Thread

Re: MergeAppend could consider sorting cheapest child path

Alexander Pyhalov <a.pyhalov@postgrespro.ru> — 2025-04-25T09:16:29Z
Andrei Lepikhov писал(а) 2025-04-24 16:01:
> On 3/28/25 09:19, Alexander Pyhalov wrote:
>> Andy Fan писал(а) 2024-10-17 03:33:
>> I've updated patch. One more interesting case which we found - when 
>> fractional path is selected, it still can be more expensive than 
>> sorted cheapest total path (as we look only on indexes whith necessary 
>> pathkeys, not on indexes which allow efficiently fetch data).
>> So far couldn't find artificial example, but we've seen inadequate 
>> index selection due to this issue - instead of using index suited for 
>> filters in where, index, suitable for sorting was selected as one 
>> having the cheapest fractional cost.
> I think it is necessary to generalise the approach a little.
> 
> Each MergeAppend subpath candidate that fits pathkeys should be 
> compared to the overall-optimal path + explicit Sort node. Let's label 
> this two-node composition as base_path. There are three cases exist: 
> startup-optimal, total-optimal and fractional-optimal.
> In the startup case, base_path should use cheapest_startup_path, the 
> total-optimal case - cheapest_total_path and for a fractional case, we 
> may employ the get_cheapest_fractional_path routine to detect proper 
> base_path.
> 
> It may provide a more effective plan either in full, fractional and 
> partial scan cases:
> 1. The Sort node may be pushed down to subpaths under a parallel or 
> async Append.
> 2. When a minor set of subpaths doesn't have a proper index, and it is 
> profitable to sort them instead of switching to plain Append.
> 
> In general, analysing the regression tests changed by this code, I see 
> that the cost model prefers a series of small sortings instead of a 
> single massive one. May be it will show some profit for execution time.
> 
> I am not afraid of any palpable planning overhead here because we just 
> do cheap cost estimation and comparison operations that don't need 
> additional memory allocations. The caller is responsible for building a 
> proper Sort node if this method is chosen as optimal.
> 
> In the attachment, see the patch written according to the idea. There 
> are I introduced two new routines:
> get_cheapest_path_for_pathkeys_ext
> get_cheapest_fractional_path_for_pathkeys_ext

Hi. I'm a bit confused that 
get_cheapest_fractional_path_for_pathkeys_ext() looks only on sorting 
cheapest fractional path, and get_cheapest_path_for_pathkeys_ext() in 
STARTUP_COST case looks only on sorting cheapest_startup_path.
Usually, sorted cheapest_total_path will be cheaper than sorted 
fractional/startup path at least by startup cost (as after sorting it 
includes total_cost of input path). But we ignore this case when 
selecting cheapest_startup and cheapest_fractional subpaths. As result 
selected cheapest_startup and cheapest_fractional can be not cheapest 
for startup or selecting a fraction of rows.

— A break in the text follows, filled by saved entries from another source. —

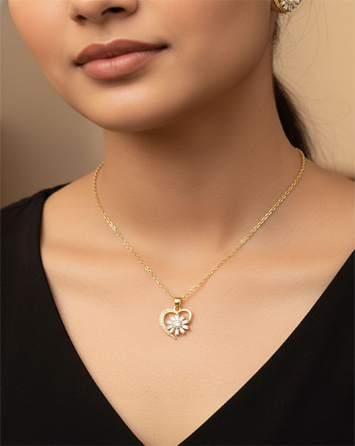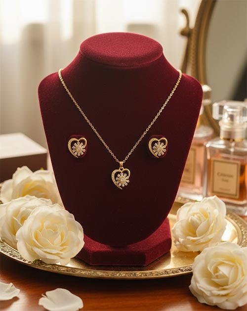 Add timeless elegance to your everyday and occasion looks with the Golden Bloom Heart Pendant Necklace Jewellery Set. Crafted from durable stainless steel and finished with premium anti- tarnish gold plating, this jewellery set features a delicate heart-shaped pendant highlighted with a beautiful floral motif at the center.
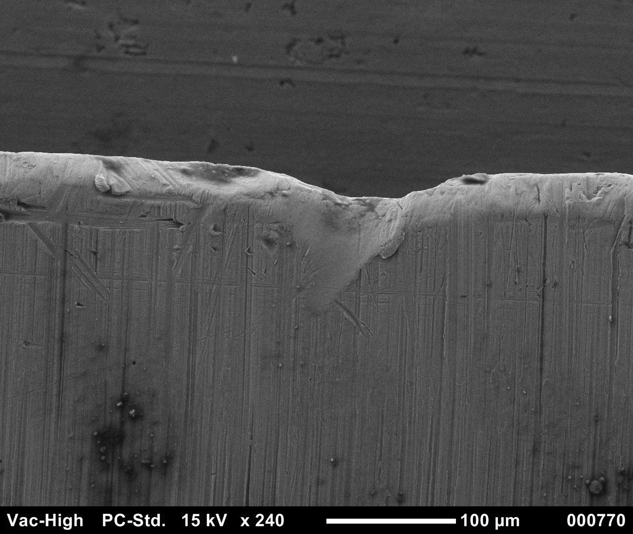 A steel blade dulls when the crystalline structure either shatters, or the pressure and friction of cutting wears away or cracks the softer supporting matrix, allowing the carbides to be torn from the matrix leaving behind gaps of soft, blunt metal. The larger the carbide clumps are and the greater the distance between them, the more easily they are shattered and torn away, and the duller a blade becomes with each crystal’s failure.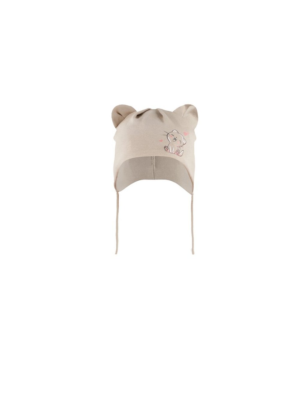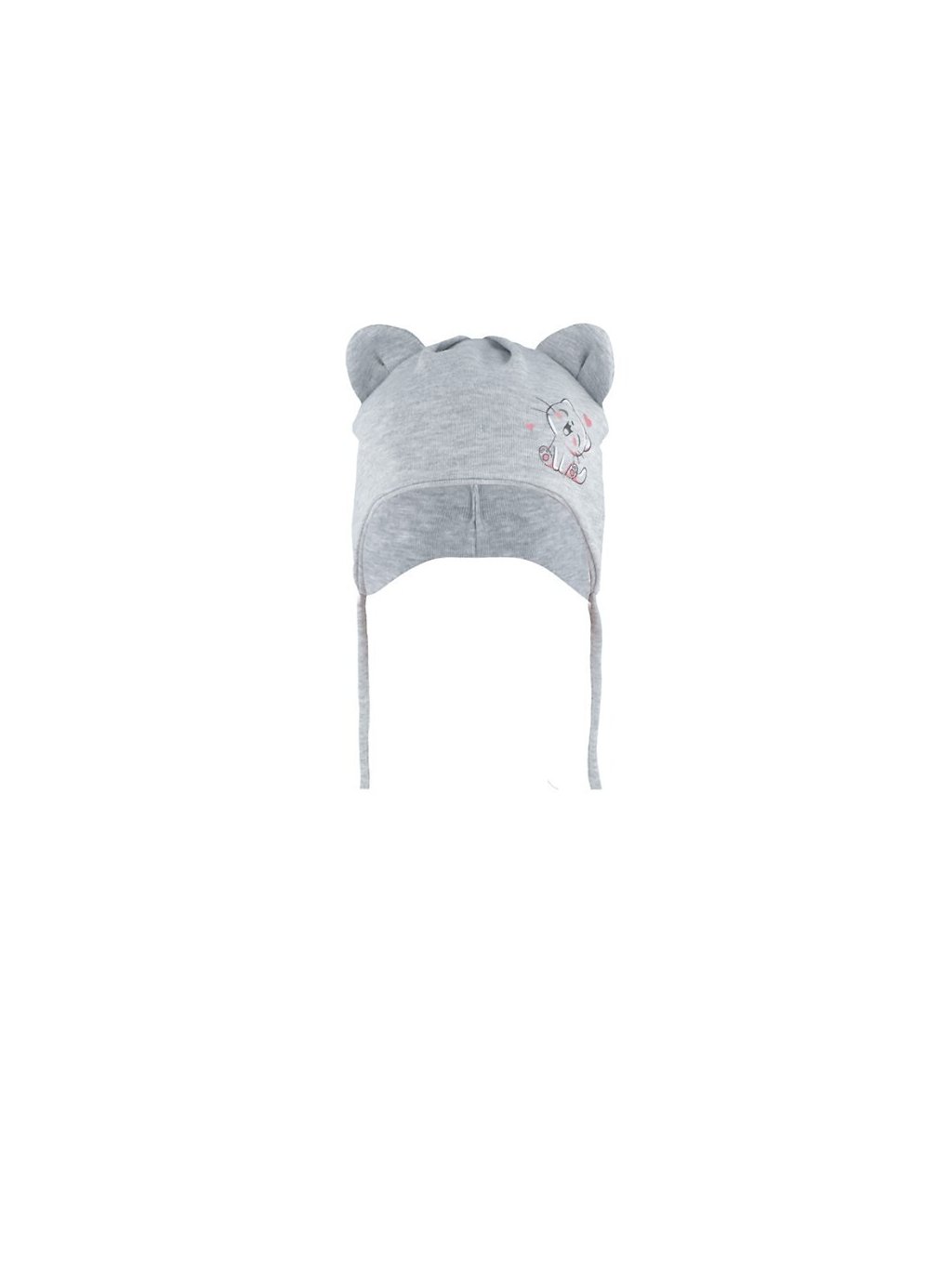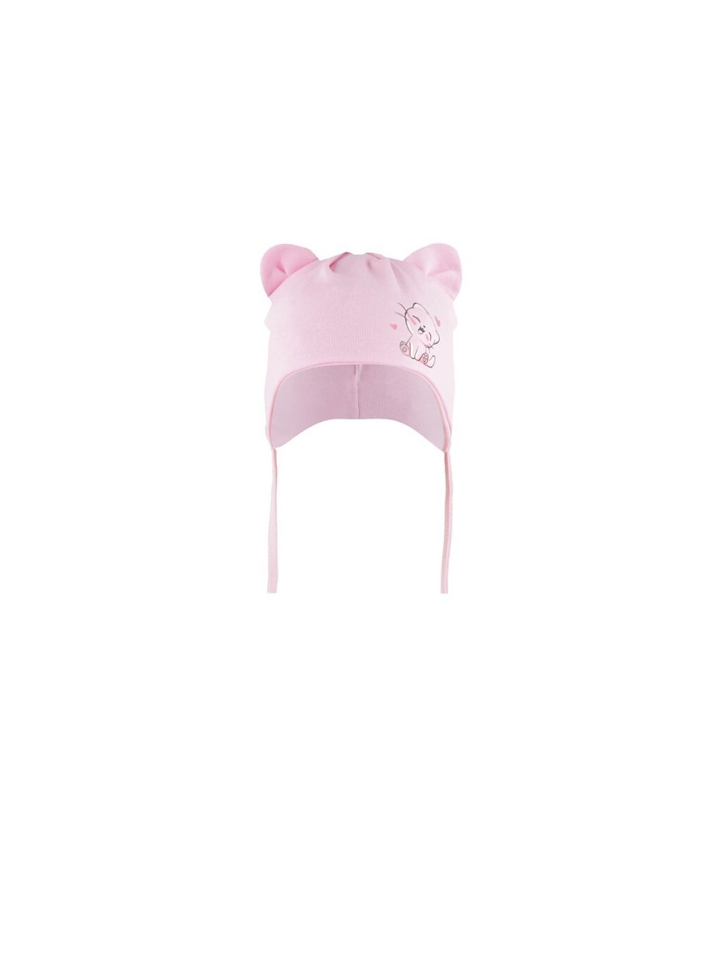 Dětská jarní čepice s ouškama a potiskem kočky AJS

Consider the partition with the following access paths:

1) cheapest_startup without required pathkeys:
   startup_cost: 0.42
   total_cost: 4004

2) some index_path  with required pathkeys:
   startup_cost: 6.6
   total_cost: 2000

3) cheapest_total_path:
   startup_cost: 0.42
   total_cost: 3.48

Here, when selecting cheapest startup subpath we'll compare costs of 
index path (2) and sorted cheapest_startup (1), but will ignore sorted 
cheapest_total_path (3), despite the fact that it really can be the 
cheapest startup path, providing required sorting order.

-- 
Best regards,
Alexander Pyhalov,
Postgres Professional